**EXERCISE GOAL:**
Down to the last line below, write out every line exactly, starting with the one that contains "In het voorbeeld" and leaving out the pictures.

**SOURCE DATA:**
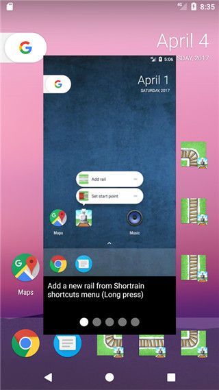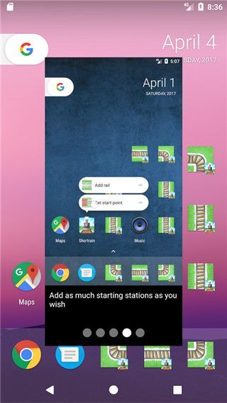 该应用程序从2个动态快捷方式(Rail和起点)开始。 每次添加新的轨道时,Rail动态快捷方式的ID都会更改,之前的ID将被删除,从而使固定的轨道快捷方式能够独立于动态轨道快捷方式,并允许您在屏幕上添加一条轨道 不同的方向。
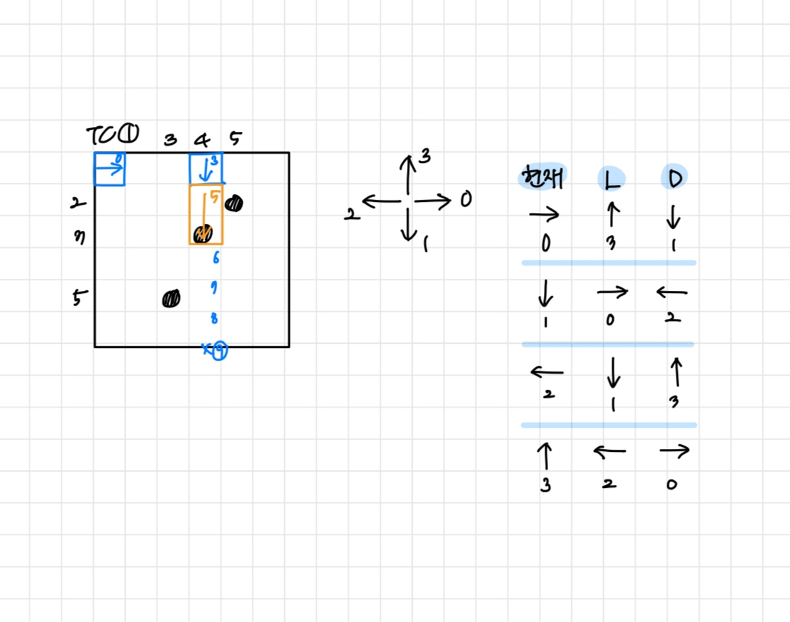 방향을 구현하기 위해서 동(0), 남(1), 서(2), 북(3)으로 나타내었고, 각각의 방향에서 왼쪽(L)과 오른쪽(D)으로 꺾는 것을 구현하기 위해 계산식을 썼다.
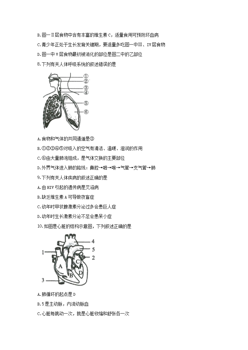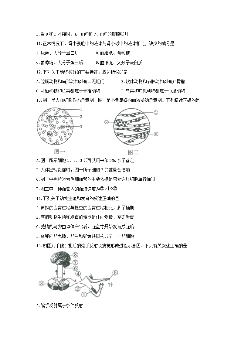 2023年山东济南中考生物试题及答案(Word版)08-09
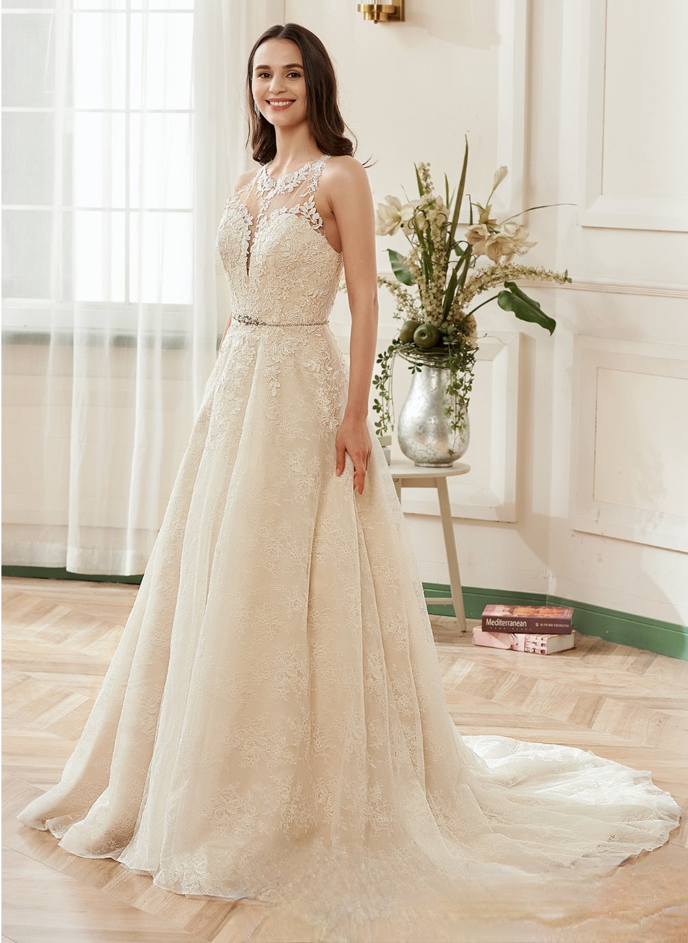 Vestido de novia clásico y elegante, de corte A y escote halter con efecto ilusión, con un corpiño con apliques de encaje floral y una suave capa de encaje por debajo, que se combina con una bonita espalda ilusión adornada con botones. El cinturón de cristales en la cintura da paso a una falda amplia de tul con encaje y una cola capilla que completa el look.
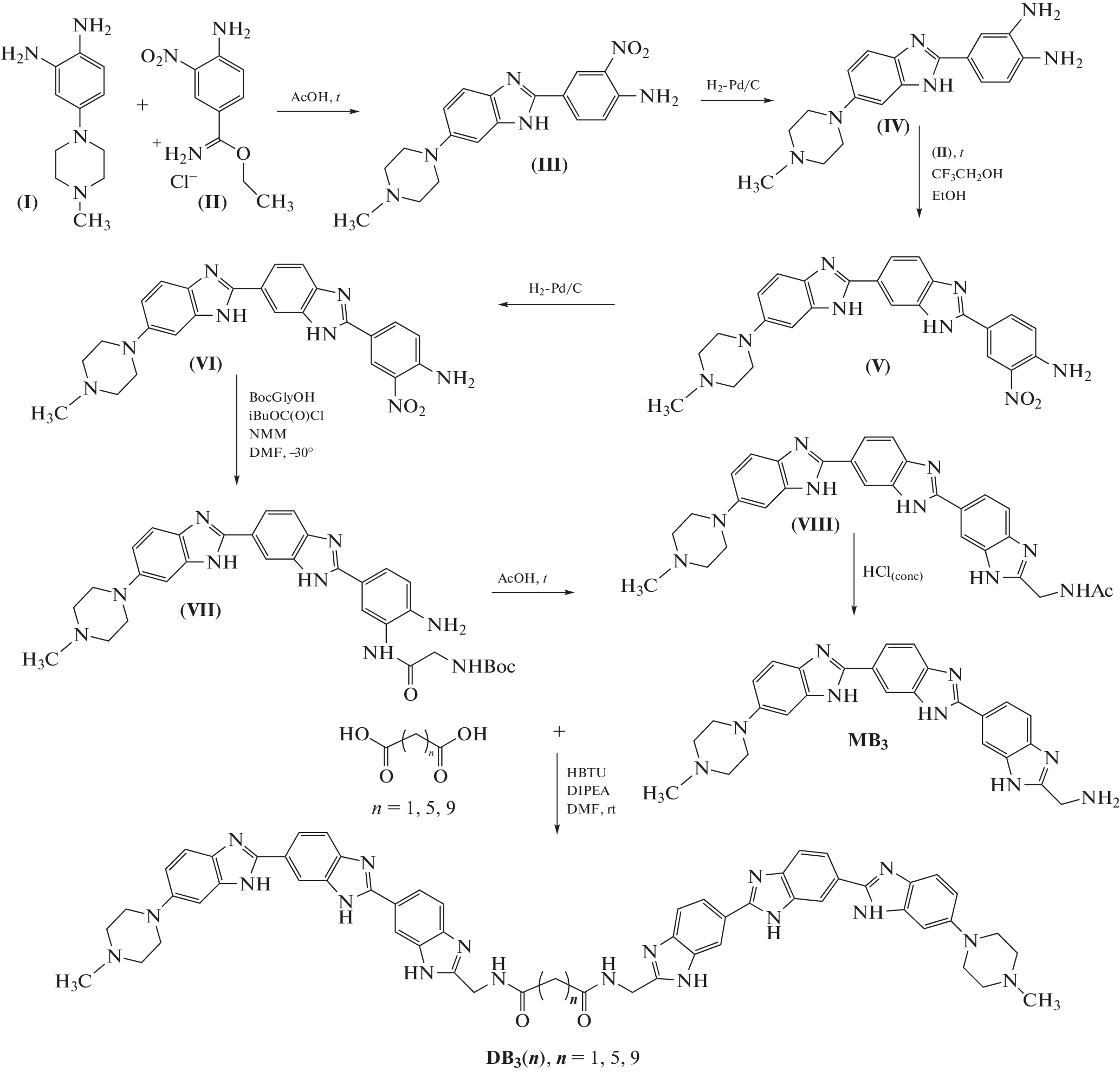 Лиганды, специфичные к определенным последовательностям пар оснований ДНК. XIX. Синтез, спектральные характеристики, вирусологические и биохимические исследования флуоресцентных симметричных димерных трисбензимидазолов DB3(n)
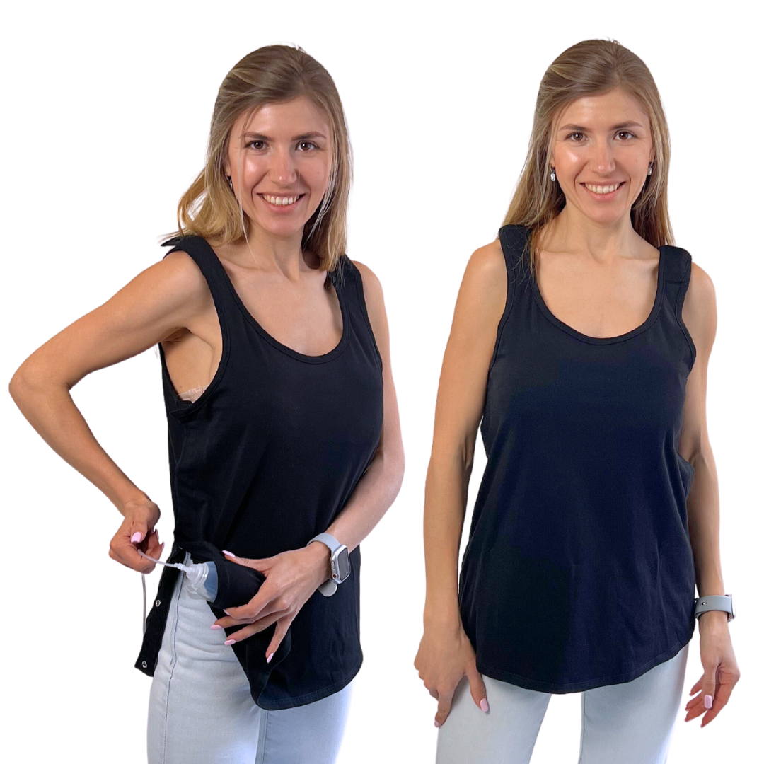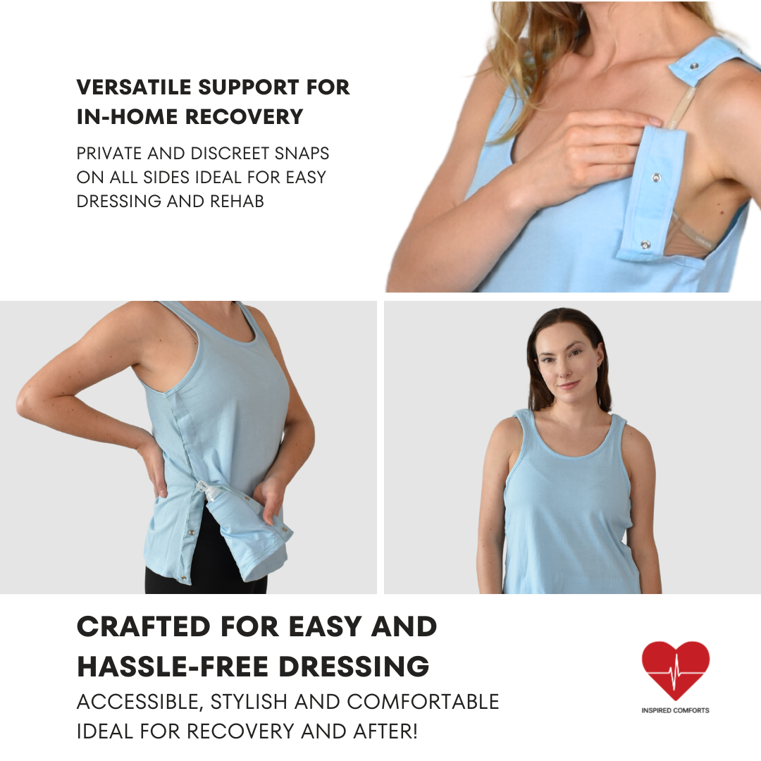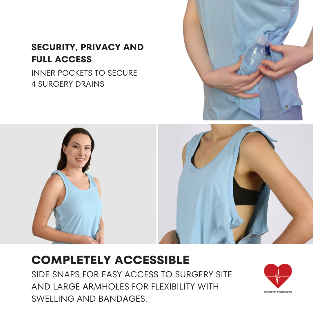 This tank is perfect for post-mastectomy recovery. The snaps on the top and the side allow you to keep your arms down and put the top on easily. You can also turn it inside out if you need the pockets/drains facing out for easier access.
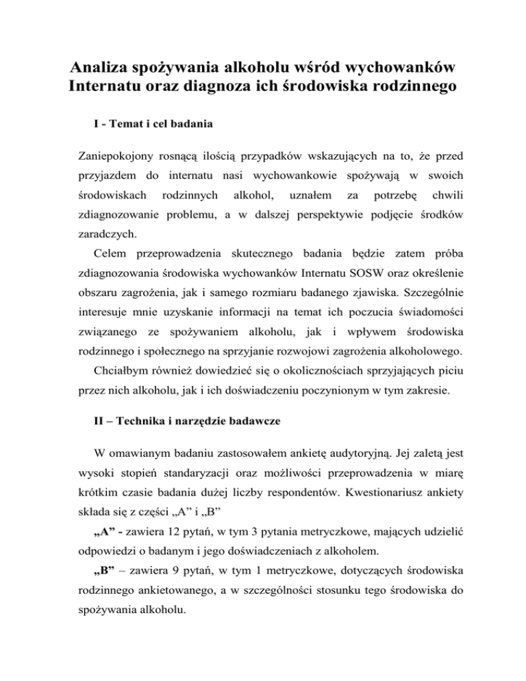 analiza spożywania alkoholu wśród wychowanków internatu oraz
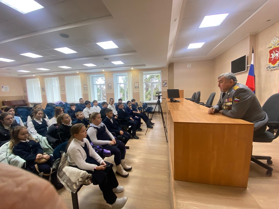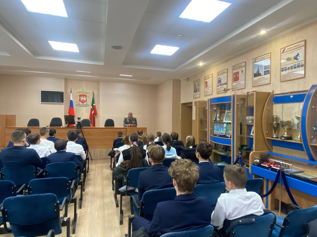 Перед ребятами выступил Сафин Талгат Фоатович, подполковник милиции в отставке и председатель Совета ветеранов отдела полиции Авиастроительного района г. Казани. Он рассказал ребятам историю становления советской милиции, затем полиции, о тяжёлых буднях в годы войны, в 90-е годы… О героическом подвиге милиции/ полиции в боях Афганистана, Чечни и на СВО.
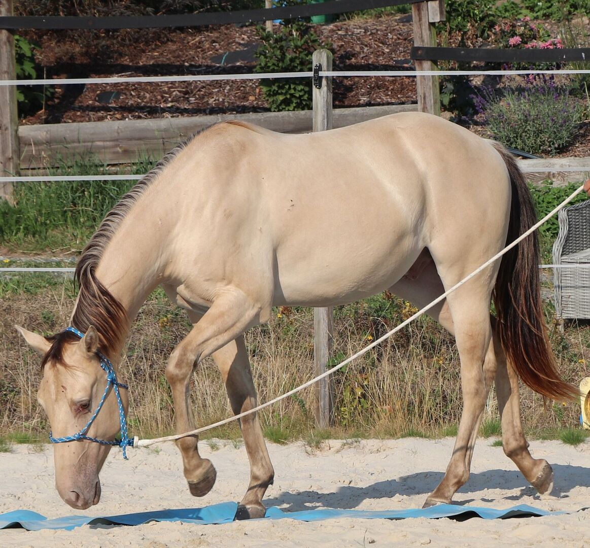 Wymarzony koń z sercem i kolorem - Zeb szuka swojego człowieka - Lokalizacja: 01809 Müglitztal Zeb King Maxen - piękny wałach rasy Quarter Horse, urodzony 2 maja 2022 r. Swoim rzadkim i niezwykłym umaszczeniem Amber Champagne Dun przyciąga uwagę wszystkich. Osiągnie szacowany ostateczny wzrost około 148 cm i jest zwarty, prawidłowo zbudowany i stabilny - z obiecującymi proporcjami, które czynią go prawdziwym wszechstronnym talentem. Zeb jest zdrowy, genetycznie 6-panelowy n/n po rodzicach i oczywiście zaszczepiony i odrobaczony stosownie do wieku. Dorastał w mieszanym stadzie w otwartej stajni, gdzie mógł doświadczyć dużo spokoju i bezpieczeństwa w najlepszych warunkach. Jego charakter jest równie przekonujący jak budowa. Wałach jest zorientowany na ludzi, ciekawski, silnie zdenerwowany i zrelaksowany. Jednocześnie jest uważny, chętny do nauki i odważny w obliczu nowych zadań. Zeb jest dobrze wychowany, łatwy w obsłudze, dobrze wychowany i szybko się uczy - to najlepsze warunki do niezawodnego partnerstwa w dłuższej perspektywie. Obecnie jest starannie i z wyczuciem przygotowywany do życia jako koń wierzchowy zgodnie z zasadami jeździectwa naturalnego. Został wdrożony i jest bardzo dobrze wychowany i spokojny, nawet w terenie. Dzięki dobremu rodowodowi, wspaniałemu wnętrzu i wszechstronności Zeb jest idealny do rekreacji, sportu lub zawodów. To prawdziwy młody koń z przyszłością - lojalny partner, na którym można polegać.
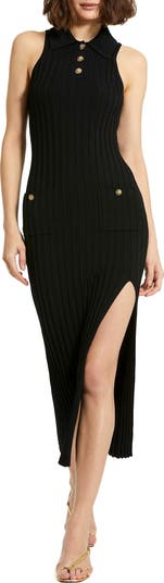 Rib Knit Collared Sleeveless Fitted Maxi Dress
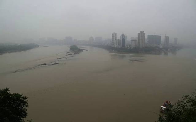 天气灰蒙蒙的拍的照片也不好看,岷江、青衣江、大渡河三江汇流:
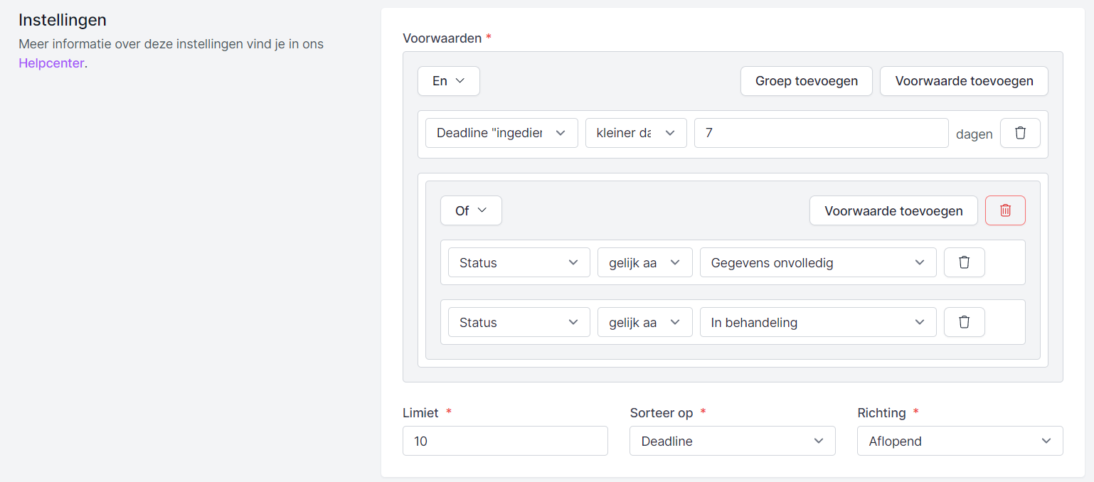 In het voorbeeld zie je dat de eerste knop op 'EN' staat. Die laat zien dat er zowel aan de eerste groep voorwaarden (deadline 7 dagen) en de tweede groep (statussen) moet worden voldaan.
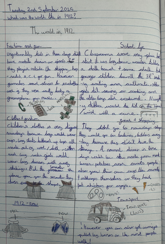 In history, the children looked closely at what life was like on the home front. They learned about the evacuation of children from cities to the countryside and imagined what it might have felt like to leave their homes and families behind. They also discovered the challenges faced during the Blitz and explored how ordinary people adapted to life under threat.
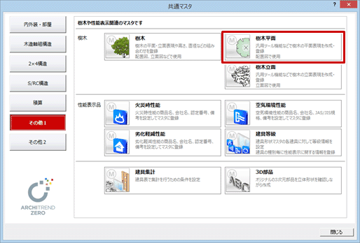 - 「その他1」の「樹木平面」をクリックして樹木平面マスタを開きます。
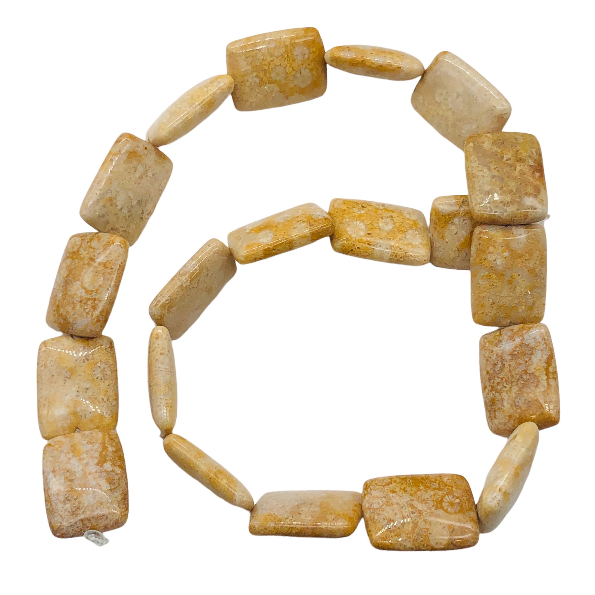 Fossilized Coral Half Strand of Rectangular Brown/White Beads for Jewelry Making.
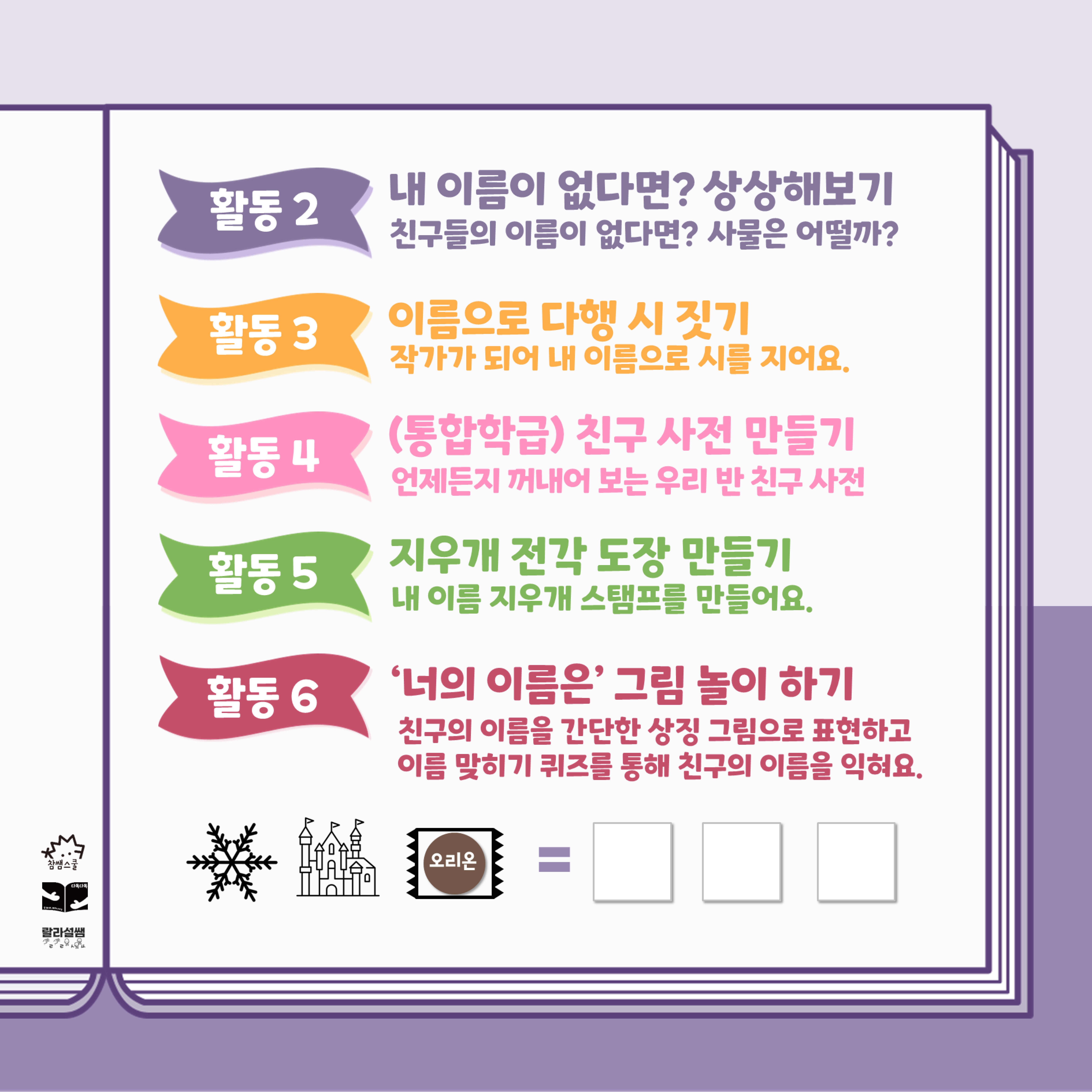 ✏️ 그림책 ‘내 이름’과 연계할 수 있는 활동을 소개합니다(활동 순서 아님).

**WRITTEN SOLUTION:**
 In het voorbeeld zie je dat de eerste knop op 'EN' staat. Die laat zien dat er zowel aan de eerste groep voorwaarden (deadline 7 dagen) en de tweede groep (statussen) moet worden voldaan.
 In history, the children looked closely at what life was like on the home front. They learned about the evacuation of children from cities to the countryside and imagined what it might have felt like to leave their homes and families behind. They also discovered the challenges faced during the Blitz and explored how ordinary people adapted to life under threat.
 - 「その他1」の「樹木平面」をクリックして樹木平面マスタを開きます。
 Fossilized Coral Half Strand of Rectangular Brown/White Beads for Jewelry Making.
 ✏️ 그림책 ‘내 이름’과 연계할 수 있는 활동을 소개합니다(활동 순서 아님).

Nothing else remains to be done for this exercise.